We present a 39-year-old woman with a known history of papillary thyroid carcinoma classic type stage pT1N1b post-total thyroidectomy and radioactive iodine (I-131) therapy (RAI) presented with upper limb weakness and pain. An expansile lytic lesion involving the 6th cervical vertebra was seen in cervical spine MRI, which was suspicious for metastatic deposit. Therapeutic and diagnostic I-131 whole-body scans were negative for any I-13-avid lesions. Laboratory results revealed high calcium, parathyroid hormone, and alkaline phosphatase. A Technetium-99m-sestamibi (Tc-99m MIBI) scan was done with the standard protocol of spot views to the neck and upper chest area to localize any suspicious parathyroid adenoma. The scan demonstrated right supraclavicular and mediastinal Tc-99m MIBI-avid lesions suspicious for being ectopic parathyroid adenomas. Whole-body fluorine-18-2-fluoro-2-deoxy-D-glucose (F-FDG), positron emission tomography/computed tomography (PET/CT) (F-FDG PET/CT) was performed for further evaluation. It demonstrated multiple focal lytic skeletal lesions of abnormal increased FDG uptake as well as right supraclavicular FDG-avid lymph nodes. However, the superior mediastinal lesion was non-FDG-avid, suggesting the existence of two different entities: ectopic parathyroid adenoma with multiple brown tumors and metastatic right supraclavicular lymph nodes. The patient underwent right neck dissection and superior mediastinal mass excision. An intra-operative fresh serum parathyroid sample was sent, which dropped down to 100ng/ml from 863.7ng/ml.

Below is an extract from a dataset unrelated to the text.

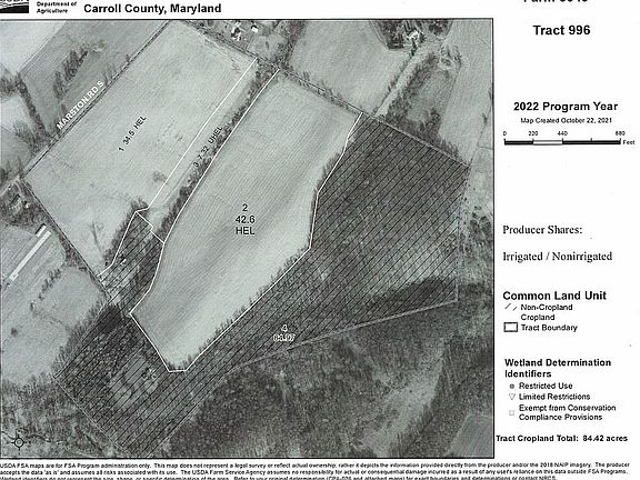 150 Acres m/l. Enjoy the privacy and seclusion of this 4 bedroom, 2 bath ranch home with a 2-car garage attached with a breezeway. The home has been updated within the last year with the hardwood floors sanded and refinished, other flooring has new vinyl plank other than the basement bath and utility rooms, all interior walls and trim has been repainted, new lighting has been added in the living room and garage, all outlets and switches have been replaced to white to match the paint colors, garbage disposal was installed, cabinetry was added along one wall in the basement family room only needs a countertop added, new storm door on back door, new key code locks on both doors, septic tank was pumped and inspected with new outlet baffle added in Nov 2021, radon mitigation system was installed Dec 2021, Cinch Home Services Complete Home Plan home warranty in place good through Dec 2, 2021 will transfer to the new owner. Property includes 150 acres m/l with 80 acres m/l broke ground currently planted to beans (growing crop is negotiable) remainder of acres are homestead and timber. There are 2 creeks running through the property providing great habitat for wildlife. The deer and turkey are abundant making for great hunting potential. The farm is currently under a hunting lease through May of 2023 which is possibly negotiable. The farm has been put into the Maryland Agricultural Land Preservation Program. There is an older home on the property as well the log cabin was probably built in the 1700's and added onto in the 1800's. This property has great income potential with the crop land, hunting lease, and logging. A large pen has been added in the back yard to contain pets or other animals. Current owners are licensed real estate agents in the state of Kansas.

Later, histopathological results revealed that the right supraclavicular lymph nodes were metastatic papillary thyroid carcinoma. At the same time, the superior mediastinal mass proved to be parathyroid adenoma by histopathology, confirming the F-FDG PET/CT findings.
In the case of papillary thyroid carcinoma, metastatic lymph nodes with hyperparathyroidism, and evidence of lytic bone lesions, careful interpretation of the different metabolic and functional imaging modalities are needed to exclude the concurrent parathyroid adenoma and facilitate the differentiation of brown tumors from bone metastases, leading to appropriate surgical and medical treatment plans.
棕色瘤是甲状旁腺功能亢进症患者中遇到的良性破骨细胞性骨病变。这些肿瘤在骨骼中可能表现出侵袭性、破坏性特征,并模仿转移性骨病变,特别是在已知原发性肿瘤的患者中。在复发性甲状腺乳头状癌和异位甲状旁腺腺瘤的病例报告中,我们强调了结合不同核医学成像方式来区分棕色瘤和转移性骨病变的重要性。
我们介绍了一位 39 岁女性,患有经典型甲状腺乳头状癌,pT1N1b 期,甲状腺全切术后接受放射性碘(I-131)治疗(RAI)。患者出现上肢无力和疼痛,颈椎 MRI 显示第 6 颈椎溶骨性病变,疑似转移性病灶。治疗和诊断性 I-131 全身扫描未见任何 I-131 摄取病灶。实验室结果显示血钙、甲状旁腺激素和碱性磷酸酶升高。进行了锝-99m-甲氧基异丁基异腈(Tc-99m MIBI)扫描,采用颈部和上胸部区域的标准点视图方案定位任何可疑的甲状旁腺腺瘤。扫描显示右侧锁骨上和纵隔 Tc-99m MIBI 摄取病灶,疑似异位甲状旁腺腺瘤。进行全身氟-18-2-氟-2-脱氧-D-葡萄糖(F-FDG)、正电子发射断层扫描/计算机断层扫描(PET/CT)(F-FDG PET/CT)进一步评估。显示多个局灶性溶骨性骨病变,FDG 摄取异常增加,以及右侧锁骨上 FDG 摄取淋巴结。然而,纵隔上病变无 FDG 摄取,提示存在两种不同的实体:异位甲状旁腺腺瘤伴多发棕色瘤和右侧锁骨上转移性淋巴结。患者接受了右侧颈部清扫术和纵隔肿块切除术。术中新鲜血清甲状旁腺样本送检,从 863.7ng/ml 降至 100ng/ml。随后,组织病理学结果显示右侧锁骨上淋巴结为转移性甲状腺乳头状癌。同时,纵隔肿块通过组织病理学证实为甲状旁腺腺瘤,证实了 F-FDG PET/CT 的发现。
在甲状腺乳头状癌、伴有甲状旁腺功能亢进症的转移性淋巴结和溶骨性骨病变的情况下,需要仔细解读不同的代谢和功能成像方式,以排除同时存在的甲状旁腺腺瘤并有助于区分棕色瘤和骨转移,从而制定适当的手术和治疗计划。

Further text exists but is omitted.